Como morávamos no pátio da estação distribuidora de
eletricidade, e ela deve ter sido considerada estratégica pelo novo governo, o
pátio e nossas casas eram constantemente vigiada pelos militares. A porta de
nossa sala tinha uma pequena janela de vidro fosco e, de dentro de casa,
assistíamos o vai e vem dos soldados a quem chamávamos de “cabeças de cuia”.
Víamos suas cabeças de cuia passar para cima e para baixo defronte nossa
janela. Era um silêncio triste a cada passagem deles. Como se eles fossem
escutar nossas conversas. A rua tinha uns cem metros diante de quatro casas,
moradias dos trabalhadores. Os cabeças de cuia ficaram em minha memória. A
partir daí eu mantive uma distância segura de todos que usam fardas, mesmo
bombeiros. A desconfiança desta categoria de funcionário público, policial,
exército, ou coisa parecida, faz parte de minha constituição genética, hoje.

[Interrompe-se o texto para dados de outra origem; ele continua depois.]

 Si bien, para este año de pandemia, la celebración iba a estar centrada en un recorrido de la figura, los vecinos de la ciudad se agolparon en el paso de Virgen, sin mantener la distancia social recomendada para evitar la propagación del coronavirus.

Não gosto de policiais e pronto. Discriminação? Assumo. Tenho parentes que se
tornaram policiais e eu gosto deles, sem farda. Vestem a farda e se tornam
inimigos. E de inimigos mantemos uma distância segura. Nem tão próximo para não
gerar intimidade, nem tão longe para não sermos pegos de emboscada. E como
durou essa tal de ditadura militar. Tempo demais, suficiente para marcar toda
uma geração de boas pessoas que não nasceram fazendo parte da tal de elite, que
aplaudiu o confisco da liberdade da população. Que não volte. Nunca mais.